Linear regression models were also fitted for the changes in the three primary outcomes. Changes in A1C, blood pressure, and lipids were calculated by subtracting pre-Katrina values from post-Katrina values. These changes were used as dependent variables. Covariates included in the models were health care system, patients' age in August 2005, sex, and “time gap.” Time gap was defined as the number of months between the pre- and post-Katrina measurements. Because patients did not necessarily have parameters measured on the same day, the time gaps for different outcomes could be different for each patient. These analyses were performed in SAS (version 9.1.3 for Windows, 2005; SAS Institute, Cary, NC).

Modeling for possible long-term outcomes was performed using the CORE Diabetes Model (CDM), a documented, validated simulation model for type 2 diabetes that projects life expectancy, quality-adjusted life expectancy (QALE) and total lifetime costs of diabetes-related complications (3). The transition probabilities using the UK Prospective Diabetes Study (UKPDS) studies, U.S. costs of complications, and health state utilities were detailed in the previous publication (3). For instance, the underlying assumption for A1C changes based on the UKPDS cohort was a linear decay at a rate of 0.15%/year until the end of 7 years, with the decay leveling off for the rest of lifetime. The model is a multilayer Internet application using SQL and C++ programming languages and a user interface to enter customized settings of the results from the tests described above to specifically define an analysis and output the results. For this study, the simulations were run over a lifetime horizon in accordance with the current guidelines that recommend time horizons be sufficient to capture the development of all relevant complications (4,5). Specifically, this model estimates lifetime survival and costs for those who survived the hurricane and may have experienced disruption of treatment or deprivation of insulin and other medication over a period of time.
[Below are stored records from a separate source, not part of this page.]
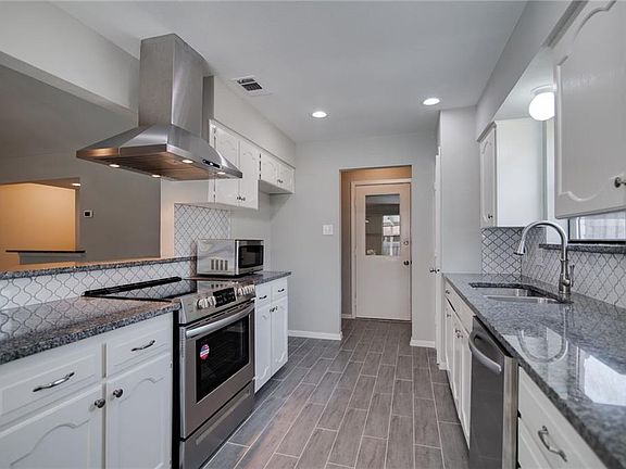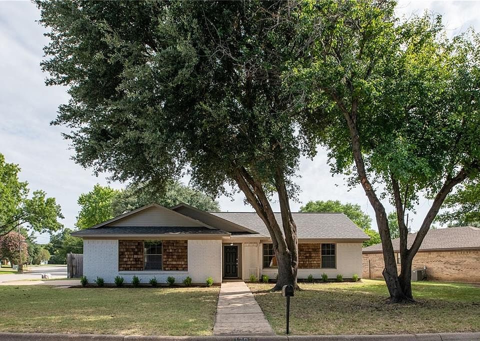 Nicely updated home on a corner lot with a diving pool to escape the Texas heat. Located close to I20 and 820 with quick access to Bryant Irvin and Hulen. Floor Plan has a large living room with a vaulted ceiling and wet bar. Updates completed July '19 include paint inside and out, all new flooring, granite countertops throughout, back splash, stainless appliances, tub and shower tile, all plumbing fixtures and light fixtures, door and cabinet hardware and much more. Master has his and her vanities. Wonderful outdoor space with a covered porch overlooking the pool and a storage building.
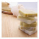 Green and white, handmade, all natural soap on a wooden background.
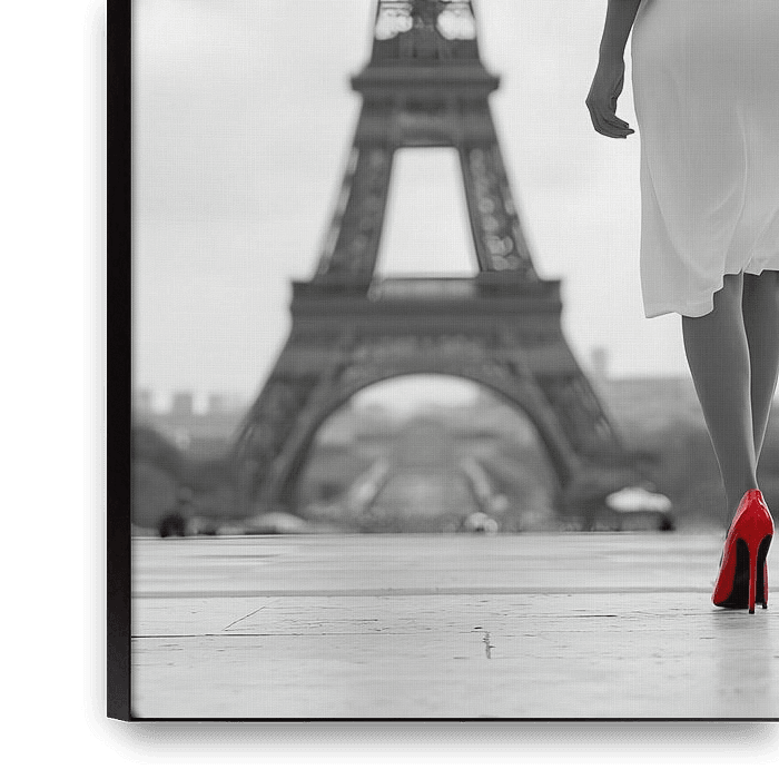 Eine elegant gekleidete Frau schreitet von hinten auf den Eiffelturm zu. Das Bild ist nahezu monochrom gehalten; nur ihre roten High Heels setzen einen starken farblichen Akzent. Der große Hut und das schlichte Kleid verleihen ihr zeitlose Pariser Eleganz. Die weiche Unschärfe im Hintergrund verstärkt die Tiefe und lenkt den Blick auf…
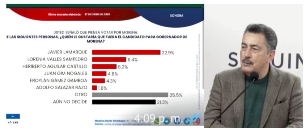 CIUDAD DE MÉXICO 27 DE ENERO DE 2025.- Los resultados actuales de  la casa encuestadora Massive Caller, correspondiente al mes de enero, han puesto  al alcalde de Cajeme Javier Lamarque Cano, en la preferencia  de su partido MORENA, para que sea el que contienda a la gubernatura de Sonora en el 2027.
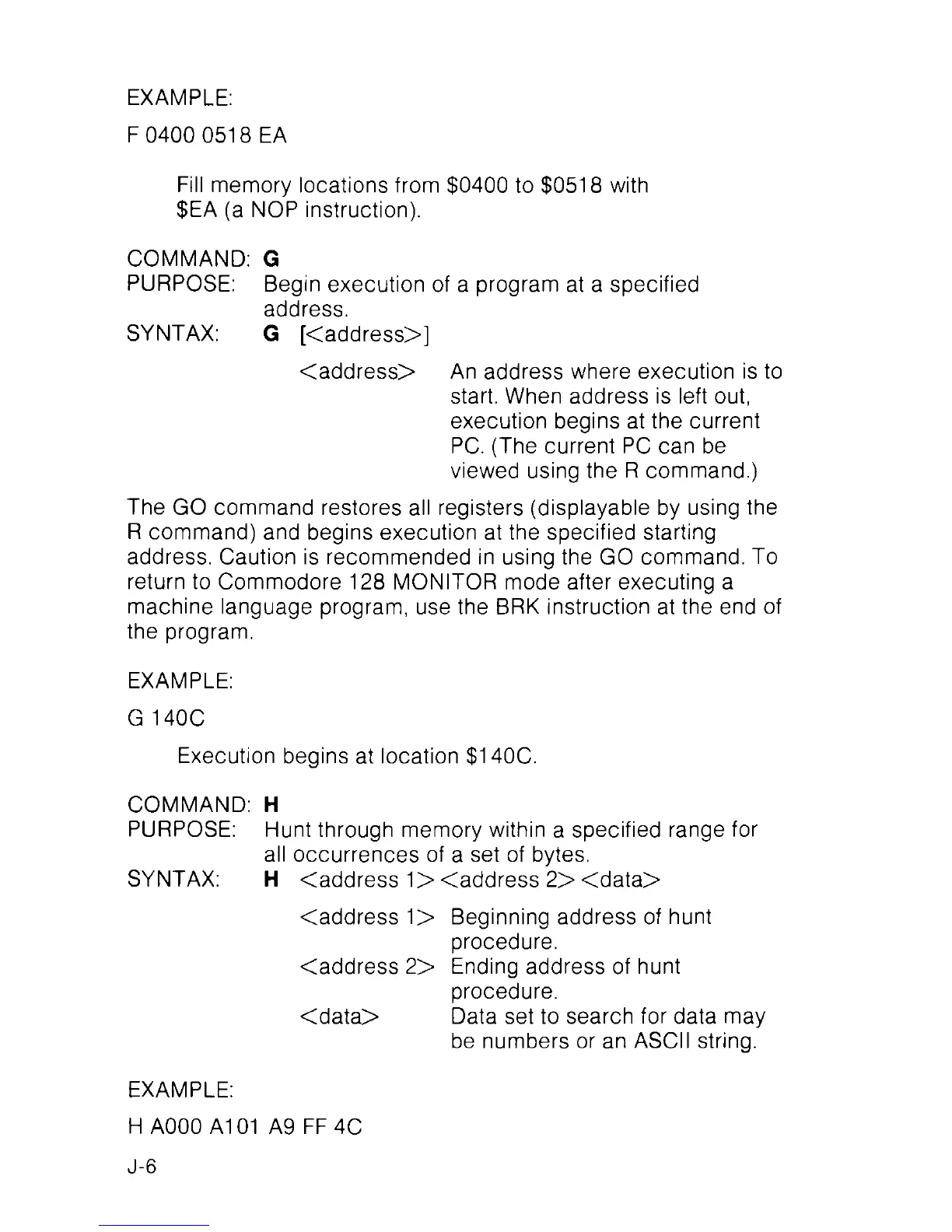 address. Caution is recommended in using the GO command. To
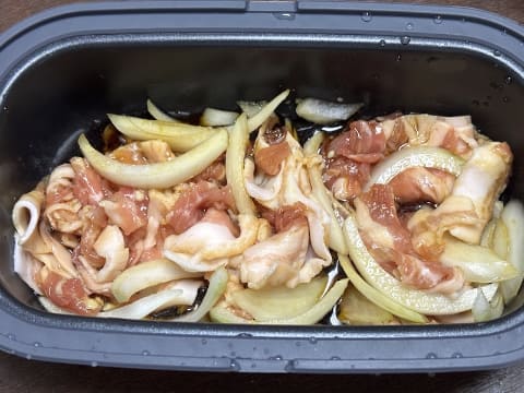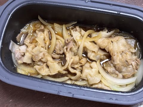 今回使用したのは、コメリのPB商品「Athena Life」シリーズ。まずは「ミニ深型」で、添付レシピにあった「豚の生姜焼き」を作ります。ちょうど中途半端に余っていた豚バラ肉に、薄切りにしたタマネギと調味料を加え、2回に分けて加熱するだけです。
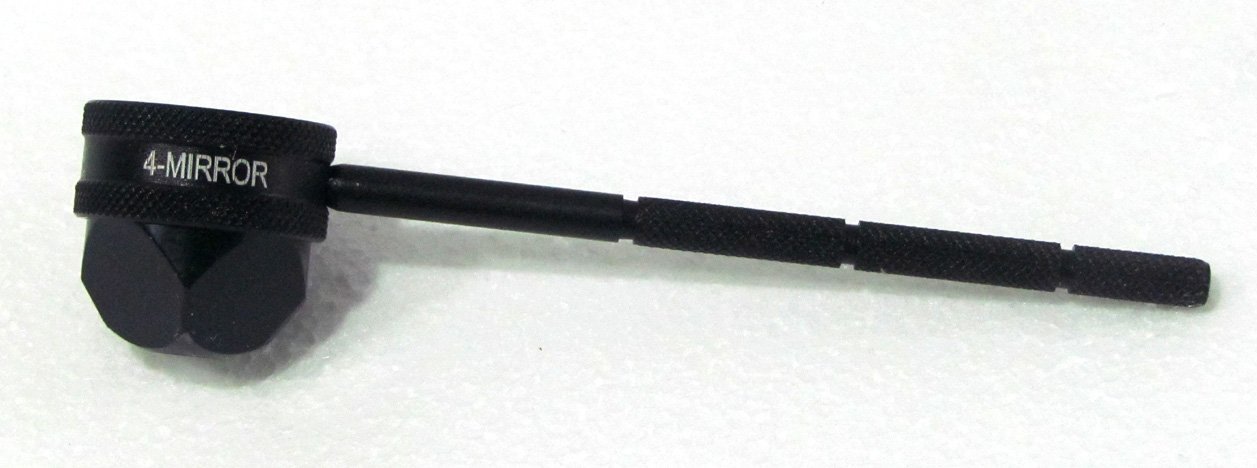 Four mirrors angled at 62° help in viewing all quadrants of the anterior chamber without rotation. The small contact surface of 9 mm diameter makes the lens very convenient to use. It has a unique detachable handle. Coupling fluid not required.
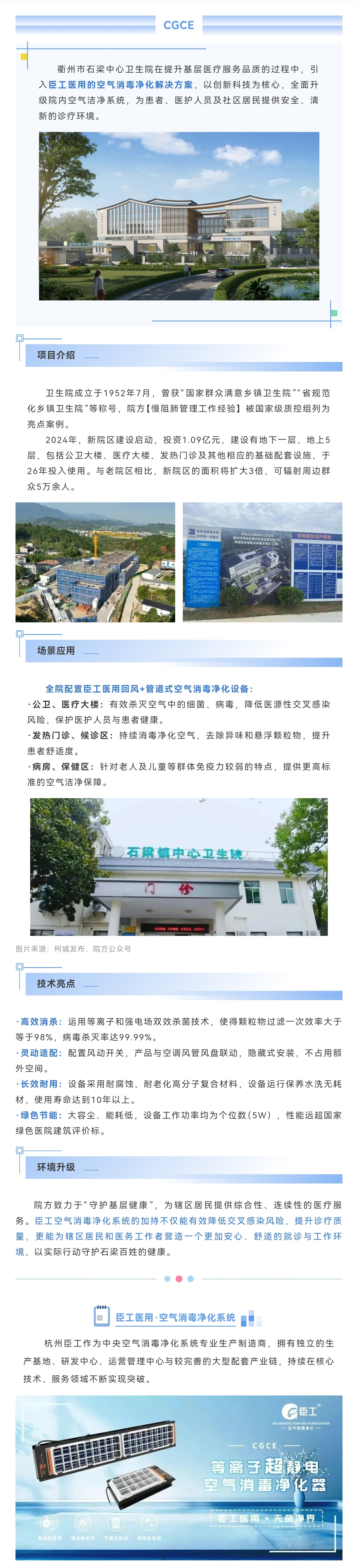 赋能健康医疗新环境 ——衢州市石梁中心卫生院携手臣工医用打造安全洁净诊疗空间

We ran the CDM for each of the three health care system populations. The mean changes in A1C, blood pressure, and lipids generated by the analyses of data before and 6–16 months after Hurricane Katrina among the study populations were populated into the input databases of the CDM. In addition, the SDs around the mean changes were also included to account for the uncertainty around the effects on glycemic control. Demographic information such as age, race, and sex for the study sample was used, whereas weight and smoking status used for the model were the CDM default values (i.e., the U.S. prevalence of smoking status and body weight distribution). The CDM has 16 submodels that run in parallel for which 1,000 patients are run through the model 1,000 times to account both for patient level uncertainty and parameter level uncertainty for model inputs. The output via user interface provided a set of results (pre-Katrina and 6–16 months post-Katrina) from each set of simulations. These pre/post differences in the estimates from the 1,000 iterations, which measured the impact of Hurricane Katrina, were used to derive mean and SEM of life expectancy and QALE, as well as total cumulative direct, indirect, and combined costs (direct + indirect) over a lifetime. The individual patient's impact within each health system was tested for statistical inference using one-sample t tests. We further extrapolated the prevalence-based mean impact of an individual patient to the entire population in the greater New Orleans area using 2000 U.S. Census data. The following assumptions based on the Louisiana Department of Health and Hospital statistics report 2006 were made: MCLNO represented 20% of the population, VA represented 5%, and TUHC/privately insured represented 75%; the adult population affected in the greater New Orleans area was 964,677 adults; and an estimated diabetes prevalence of 9.2% obtained from the Centers for Disease Control and Prevention (http://apps.nccd.cdc.gov/brfss/) was used. Because of the methodological difficulty to produce a population SD from three sample SDs, a sensitivity analysis on lifetime costs was performed by varying 10% on sample mean costs.

RESULTS

A total of 1,795 patients with A1C measurements in the 6 months before Hurricane Katrina and the 6–16 months after the hurricane were included. Among them, 748 were VA patients, 595 were MCLNO patients, and 452 were TUHC patients. The mean age of all patients was 61.9 years and 61.2% were male. The MCLNO system consisted of >80% African American patients. The percentage of male patients (96.9%) was higher in the VA system compared with those in the TUHC and MCLNO systems (44.9 and 28.7%, respectively).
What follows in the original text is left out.